The DfE has also unveiled a new one-to-one “attendance mentoring pilot, while a new "attendance data visualisation tool" is to be launched later this month.

The guidance (DfE, 2022) is non-statutory this year although is expected to become statutory from September 2023.

The thrust is very much on identifying specific barriers for individual pupils or groups of pupils, including analysing data. Schools should “build strong relationships with families, listen to and understand barriers to attendance and work with families to remove them”.

Schools are expected to “monitor and analyse weekly attendance patterns and trends and deliver intervention and support in a targeted way to pupils and families”. This should go beyond headline attendance percentages and look at individual pupils, cohorts and groups (including punctuality).

It adds that schools should: “Devise specific strategies to address areas of poor attendance identified through data.

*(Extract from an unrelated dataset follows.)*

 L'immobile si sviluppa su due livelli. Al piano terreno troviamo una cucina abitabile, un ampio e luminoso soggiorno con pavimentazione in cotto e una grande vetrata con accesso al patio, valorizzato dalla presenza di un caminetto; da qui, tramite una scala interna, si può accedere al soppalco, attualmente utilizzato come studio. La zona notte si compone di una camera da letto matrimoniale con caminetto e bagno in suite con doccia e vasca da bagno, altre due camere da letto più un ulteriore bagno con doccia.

This may, for example, include pupils in a year group with higher than average absence or for pupils eligible for free school meals if their attendance falls behind that of their more advantaged peers.”

It also includes a list of what school attendance policies must include, such as the point at which Fixed Penalty Notices for absence and other sanctions will be sought. For more details on this list, see our report here.

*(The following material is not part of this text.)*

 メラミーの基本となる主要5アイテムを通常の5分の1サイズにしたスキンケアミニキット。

Elsewhere, the DfE says that its three-year attendance mentoring pilot will begin this term and will be focused on tackling the factors behind non-attendance, including bullying or mental health issues.

The DfE is to launch the pilot in Middlesborough this year, before expanding to other areas of the country next year.The pilot will provide support to more than 1,600 persistently and severely absent pupils over the three-year period, the DfE has pledged.

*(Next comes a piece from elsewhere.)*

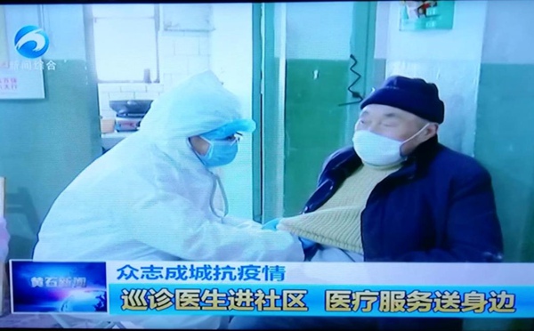 “老人家,您身体哪里不舒服。”2020年3月10日上午10点多,农工党党员、黄石有色医院医生操凯来到铜都社区88岁余少付老人家里进行了问诊。余少付婆婆患有冠心病、高血压等多种慢性病,由于年迈体弱,上医院十分不便。近期,铜盛卫生服务中心经过摸排,信息上报汇总后,经过提前对接预约,巡回医疗组医生操凯,当天特意上门为老人看病。

Persistently and severely absent pupils miss 10% or 50% of sessions (half-days) respectively.

Meanwhile, a new “attendance data visualisation tool” will be launched for use by local authorities and schools and as part of a new national attendance data dashboard. This is expected later in September and is aimed at giving schools and others useful insights of daily, weekly and termly trends.

It comes after two high-profile research reports earlier this year offered advice for schools seeking to tackle attendance issues.

An attendance audit conducted by children’s commissioner Dame Rachel de Souza (2022) listed six ambitions with a range of related recommendations for schools and wider education to help boost attendance. These included listening to students effectively and ensuring that exclusions triggered effective interventions. Read more about this report here.

And a research review by the Education Endowment Foundation (EEF, 2022) looked at the findings of 72 studies into interventions aimed at improving pupils’ attendance. It found that sending “nudge” letters to the parents of persistently absent pupils and identifying and addressing specific, individual barriers to attendance are two approaches shown to have positive impact on attendance.

However, it also says more research is needed and as such the EEF is currently working with the Youth Endowment Fund to fund and trial different approaches to improve attendance and reduce exclusions. Read more about this report here.

The overall absence rate for autumn 2020 was 4.7% of sessions across all types of state school – which equates to three days per pupil. This does not include absences due to Covid and is similar to 2019, when the figure was 4.9%.

Within this, 3.3% of missed sessions were authorised by the school and 1.4% were unauthorised. Broken down by phase, primary schools recorded 3.7% absence (of which 1% were unauthorised), while secondaries recorded 5.7% absence (1.8% unauthorised).

The number of pupils persistently absent increased to 501,642 (16.3%) in secondary schools in autumn 2020, compared with 454,167 in 2019 (15%), not including non-attendance in Covid circumstances. In primary schools, persistent absence has fallen to 9.9% from 11.2% over the same period.

However, once you factor Covid into the equation the figures are stark. In autumn 2021, one in four children were persistently absent from school compared to one in nine in 2018/19 (pre-pandemic).